GET /health/live - backend liveness check.
GET /api/health - API health check.
POST /api/sessions - create a chat session.
POST /api/sessions/{session_id}/datasets/upload?auto_analyze=true - upload a dataset into the session.
POST /api/sessions/{session_id}/analyze - run full analysis for a session dataset.
POST /api/sessions/{session_id}/messages - ask follow-up questions using content and dataset_id.
GET /api/sessions/{session_id} - load messages, datasets, agent runs, and reports.
GET /api/datasets - list recent datasets for the current workspace.

Testing with Curl

1. Create a Session

curl.exe -X POST http://localhost:8000/api/sessions `
  -H "Content-Type: application/json" `
  -d "{\"title\":\"New Chat\"}"

2. Upload and Auto-Analyze a Dataset

curl.exe -X POST "http://localhost:8000/api/sessions/YOUR_SESSION_ID/datasets/upload?auto_analyze=true" `
  -F "file=@sample_sales.csv"

3. Ask a Follow-Up Question

curl.exe -X POST http://localhost:8000/api/sessions/YOUR_SESSION_ID/messages `
  -H "Content-Type: application/json" `
  -d "{\"content\":\"examine it\",\"dataset_id\":\"YOUR_DATASET_ID\"}"

Expected Response Shapes

POST `/api/analyze/upload` Response

{
  "session_id": "0bde26cd-21cd-413b-bf64-b968ee631007",
  "filename": "sample_sales.csv",
  "dataset_profile": {
    "row_count": 40,
    "column_count": 6,
    "columns": ["date", "product", "category", "quantity", "revenue", "cost"],
    "dtypes": {"date": "object", "product": "object", "category": "object", "quantity": "int64", "revenue": "int64", "cost": "int64"}
  },
  "data_quality": {
    "data_quality_score": 1.0,
    "missing_cells": 0,
    "duplicate_rows": 0,
    "warnings": []
  },
  "semantic_map": {
    "dataset_type": "transaction_ledger",
    "column_roles": {
      "date": "timestamp",
      "product": "category",
      "category": "category",
      "quantity": "quantity",
      "revenue": "revenue",
      "cost": "cost"
    }
  },
  "business_metrics": {
    "total_revenue": 21630,
    "total_profit": 11330,
    "gross_margin": 0.5238
  },
  "query_answer": {
    "answer": "Dataset uploaded and analyzed.",
    "facts": {}
  },
  "eda": {
    "summary": {
      "quantity": {"mean": 6.8, "min": 2, "max": 15},
      "revenue": {"mean": 472.5, "min": 100, "max": 1200}
    }
  },
  "trends": {
    "series": [
      {"value_column": "revenue", "direction": "upward", "slope": 3.4}
    ]
  },
  "correlations": {
    "strong_pairs": [
      {"column_a": "quantity", "column_b": "revenue", "correlation": 0.98}
    ]
  },
  "outliers": {
    "total_outlier_cells": 0
  },
  "prediction": {
    "status": "complete",
    "task_type": "regression",
    "target_column": "revenue",
    "selected_model": "Ridge",
    "test_metrics": {"rmse": 12.34, "r2": 0.99},
    "predictions_sample": []
  },
  "xai": {
    "status": "complete",
    "plain_english_explanation": "Quantity is the strongest driver of Revenue..."
  },
  "charts": [
    {"type": "line", "title": "Sales revenue by month", "x": "period", "y": "sales_revenue", "data": []}
  ],
  "executive_summary": "Dataset contains 40 rows.
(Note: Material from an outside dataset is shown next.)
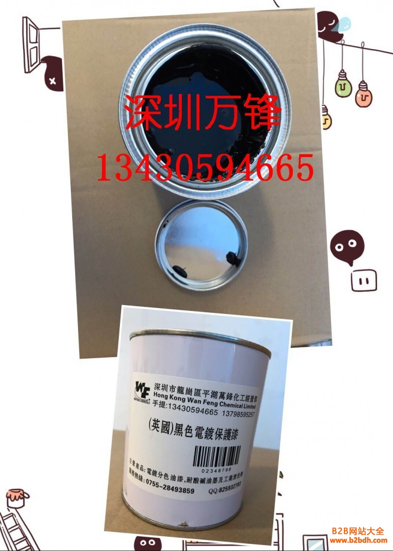 2. 涂 保 护 漆 於 不 需 电 镀 的 地 方 (用描笔、丝印移印或喷枪)如 要 稀 释 可 用 万 锋 化 工 之 开 油 水 或 二 甲 苯 或 中 华 制 漆 3054 开 油 水 稀 释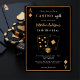 Una invitación de cumpleaños temática de la noche del Casino en negro y oro. Una carta de juego como marco. Plantillas para la información de su fiesta.

Total revenue is 21630...",
  "key_insights": [
    "Dataset contains 40 rows and 6 columns.",
    "Total revenue is 21630."
  ],
  "recommendations": [
    "Review missing values before operational decisions."
  ],
  "warnings": [],
  "next_questions": [
    "Which target column should be optimized next?"
  ]
}

Verification Tests

Run the full end-to-end test suite:

cd dataverse_backend
..\.venv\Scripts\python -m pytest -v tests/test_mvp_e2e.py

All 10 test scenarios are validated and pass successfully in the local execution context.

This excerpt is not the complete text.